So let's just go ahead and get started. The interesting part of any function that has that structure is generally in the middle. So usually, what I'll do is I'll go to the bottom of the function, like I just did, and then I'll scroll up to find the first block, first large block. And that's this one. And it's nice, because someone even tagged it. So let's just start making it readable. OK. Can anyone tell what Main does now?

[LAUGHTER]

Maybe I don't know what it does, but I have a good guess. All right. So what am I doing here? Any thoughts?

You're refactoring.

I'm definitely refactoring, yeah. [LAUGHS]

Breaking it into smaller units.

Yeah, I'm breaking it into smaller units. But there's a really important thing that I'm doing. It's not just that smaller units are easy to understand.

Giving concepts to names.

[INTERPOSING VOICES]

Bingo. Giving names to concepts, yeah. And so the console read line was a particular one where I guessed what that concept was. And I'm giving it a name. Now, you could see also from this that I might not be completely confident in my belief that that's the right concept here.

So what I'm trying to do here is I'm working through creating names and creating concepts along with them, but it's an iterative process. So I've just done a couple of things. That's way more code than I ever want to have not in source control. So I'm about to commit to source control. What's the probability that I broke something?

Low.

Low, OK. Is it low enough? Do I understand this code?

No.

No. [LAUGHS] Do any of you understand this code?

[LAUGHS] No, OK. So pairing and mobbing, none of that's going to help me here, right? [LAUGHS] So what I'm trying to do here actually is read the code. So recall the whole point of this is to reduce the number of bugs that I write. So when I'm reading code in a normal traditional style, what's the probability that I introduce a bug?

Zero.

Zero, yeah. If I don't change anything, then it wasn't me that introduced the bug. Maybe an operation system went down or something, but clearly, it wasn't my code edit, right? So what I need to do is have the same probability. What I really want to do is develop a way of working that is uniformly better than my old traditional way of working.

So every type of work that I do has no more risk than it did before, no more cost than it did before, and I can drive the total cost and risk of software development down, and spend a lot more time doing things for my customers or playing foosball, and a lot less time fixing bugs. So is low good enough? No. It's not zero.

So that's an interesting question, because then the question is, so how do you get it to low enough? Did I run any tests? Nope? Am I going to run any tests?

[INAUDIBLE]

Yeah, actually, I do have NCrunch running. And it did auto run a test. Do you want to see what that test is? This is a fantastic test. It tests all the things by verifying nothing special. [LAUGHS] How much confidence do you have in the test suite here?

Zero.

Zero, yeah, approximately, yeah. So it does verify that NCrunch is working. That's good. [LAUGHS] Yeah, so I need to have confidence that I didn't break anything, that I'm basically zero probability of breaking things. And I don't have tests. That's OK, because actually, the level of proof that I need of 0 is higher than any test we could find.

So what I need is not only did I not introduce a bug. What happens if this system has been used for 25 years out in production by some companies that aren't me, and they've extended it, hooked into various APIs and called them, and they paid some attention to the API documentation, but mostly they just poked at it and saw what worked, and what the behavior was, m they wrote code that integrates against it. And they're now running a multi-billion dollar business off of that, and they lost the source code about 10 years ago. What happens if I accidentally fix a bug?

Yeah, I can't afford that, right? So I need bug for bug compatibility. I need to be able to guarantee 100% that not only did I not accidentally introduce a bug, I didn't accidentally fix a bug that I don't even know exists. All right, so if I'm going to prove that I didn't fix something that I don't know exists, is my test suite have any use? No. Everything in the test suite is something that I at least, at one point, knew existed.

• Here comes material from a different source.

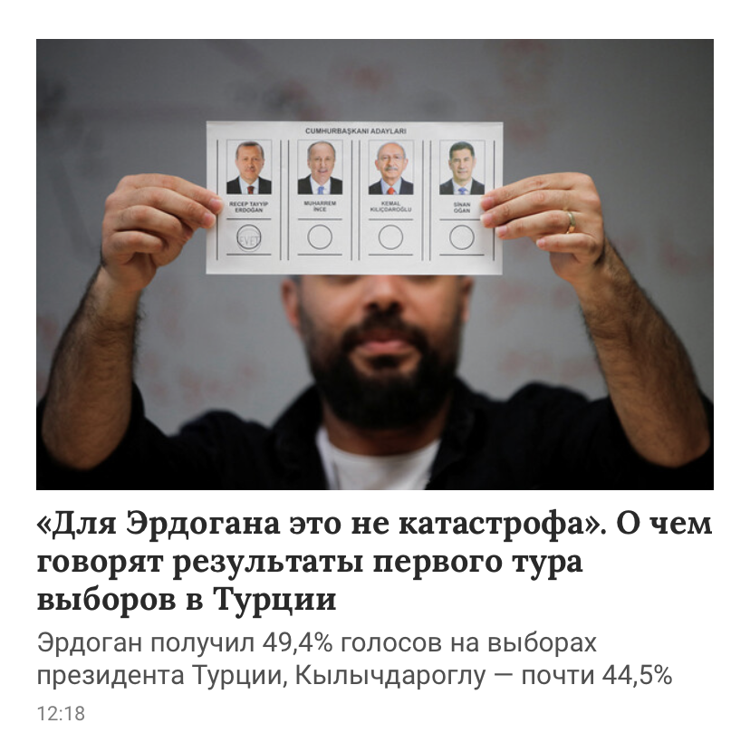 Россия (Путин) волнуются за Эрди больше чем сам Эрди - это явно чувствуется, когда читаешь росСМИ ))) интересно, если (не дай Бог, конечно) Эрдоган «переизберётся», в Гос. Думе опять будут стоя аплодировать по этому поводу - как аплодировали Трампу?)))

So I need a higher standard of proof. And I actually do have the higher standard of proof right now. It just happened so fast that probably very few of us saw it. What do I have that's giving me enough evidence that I feel confident I'm actually 0% probability I changed behavior here?

Tools.

Tools, yes. ReSharper in particular, in this case. The refactoring tools, yeah. And if I don't have these tools-- by the way, part of my day job, I do a bunch of this work in C++, too. The tools in C++ are not quite up to the same standards of tools in Java or C#, but we need to have the same confidence.

So we've created there a bunch of recipes that lean on the compiler, because these tools and the compiler have something in common. They're using static analysis. They're analyzing the program to know for sure what changed, and what didn't. So what I need to do is create a way of working that leans on whatever static analysis or other proof systems I have available, and guarantees that each transform is perfectly safe.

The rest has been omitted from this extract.